Thigpen grew up in East Orange; St. Louis, and Wilmington, Delaware. His mother is a social worker, and his father, formerly a home builder, is now involved in politics. He received a bachelor of arts in political science from Brown in 1982 and holds a J.D. from Columbia.
From 1988 to 1990 he was an associate at New York law firm Thacher Proffitt and Wood in the mortgage-backed securities practice group. From 1990 to 1996 as district director for New Jersey Congressman Don Payne and from 1996 to 1999 as executive director of the Democratic State Committee.
In 1999 Thigpen was a co-founding partner of 1868 Public Affairs, where he consulted on matters including lobbying, strategic planning, public relations, and government relations services to clients in New Jersey, New York, and Washington, D.C.
In 2007 Thigpen was named vice president of state governmental affairs for PSE&G. There he is the chief state lobbyist and works with nonprofits and government to support community activities. He is also a political analyst for the New Jersey Network and an academic associate for PublicMind, Fairleigh Dickinson, Polling and Survey Research Institute.
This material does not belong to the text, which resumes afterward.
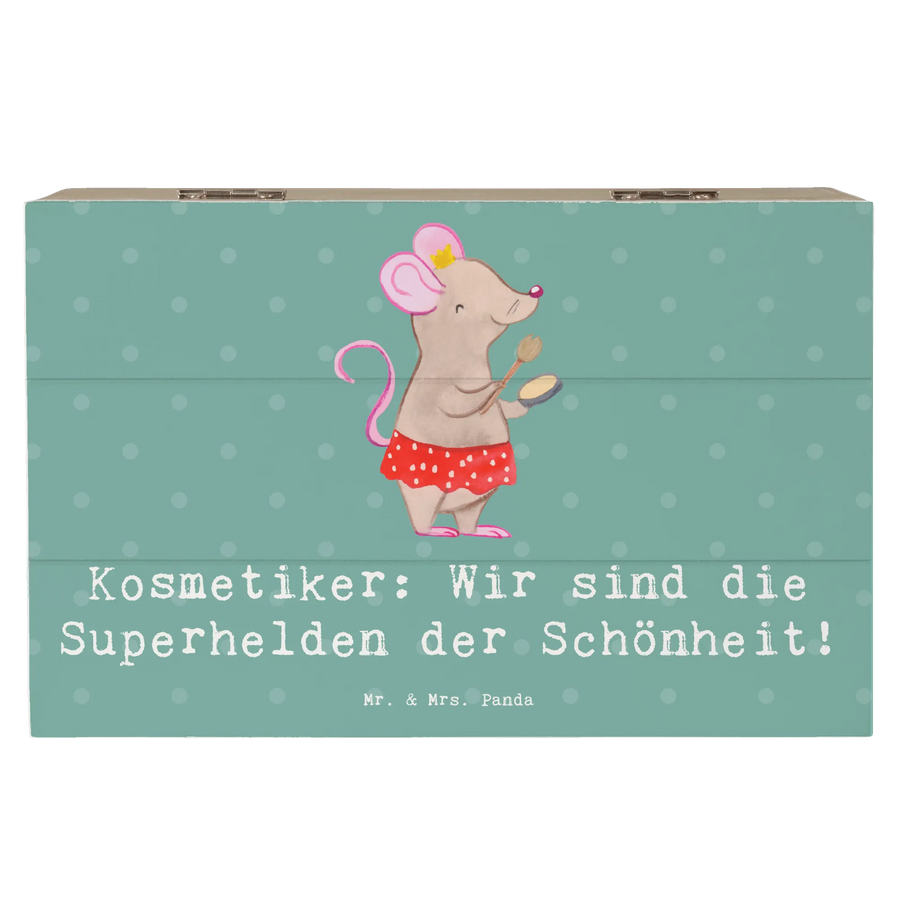 Entdecke die zauberhafte Holzkiste mit dem Motiv "Kosmetiker: Wir sind die Superhelden der Schönheit!" von Mr. & Mrs. Panda!
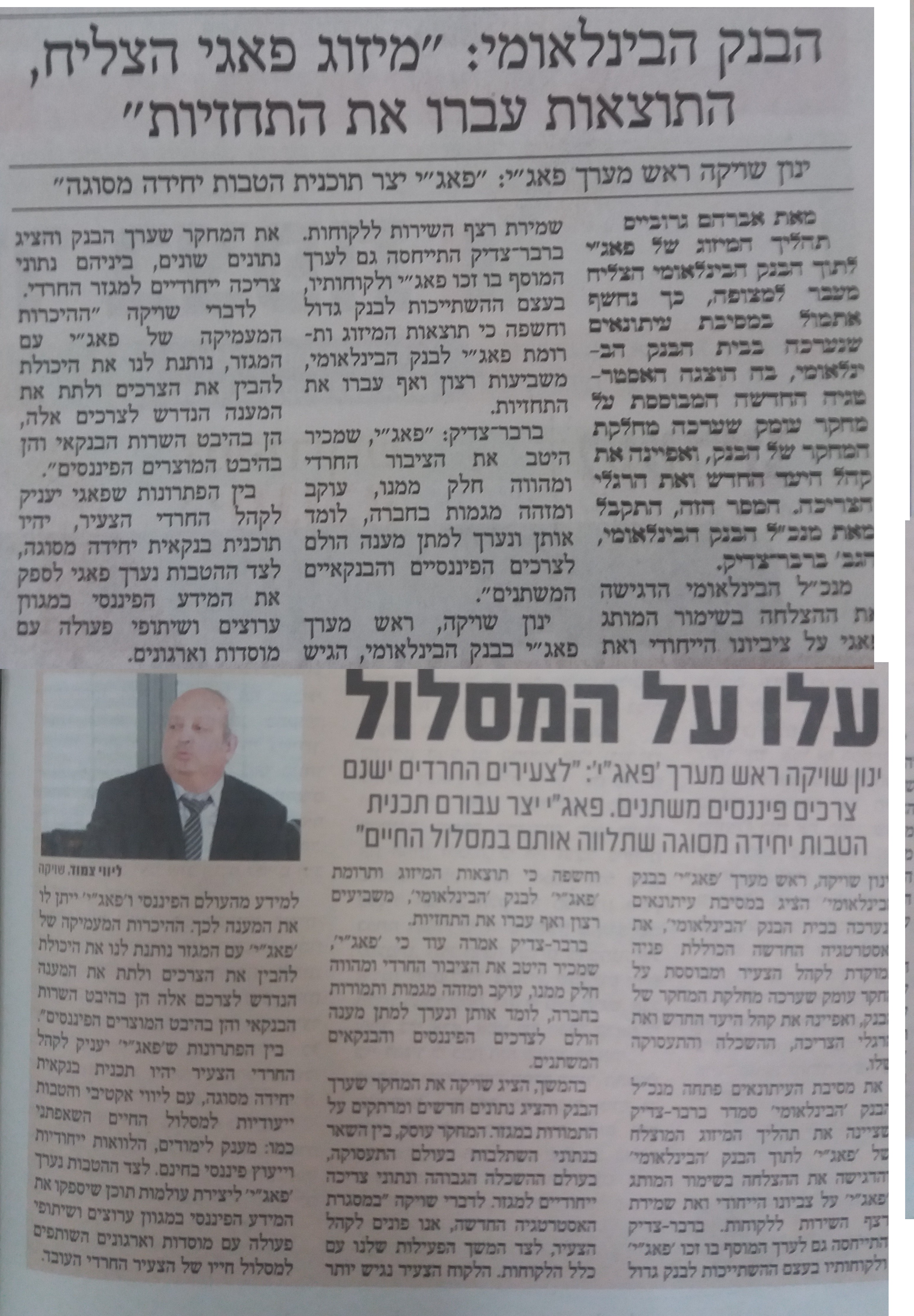 מה כתוב כאן? מיזוג בנק פאג"י עם קבוצת הבנק הבינלאומי הצליח. מנכל פאג"י: החשיבות שמייחס בנק פאגי בלה בלה. מנכל הבינלאומי: בלה בלה בלה. הבנק ממשיך להוביל בלה בלה בלה. הקשר החם למגזר בלה בלה בלה.

Although in the past the percentage of support for energy efficiency work had been low, says Thigpen, the amount of funding connected to energy issues has been steadily increasing. “We have to internalize the necessity of energy efficiency — how to save on individual bills and how collectively to control energy prices and how to protect our environment,” observes Thigpen
In the short term, the going will be tough as we try to balance how much people are willing to pay with the strong likelihood that demands on electricity will continue to increase. Computers, laptops, cell phones, and televisions all use electricity, and the newest high-definition televisions use five to six times the electricity of the older sets, says Thigpen.
“Most people are accumulating those items,” he says. “If we are lucky, we can slow the rise of energy consumption, if not turn it around.”
But Thigpen hopes we will develop effective solutions to manage our energy use. “Necessity is the mother of invention,” he says. “As time goes on, we are not going to have a choice.”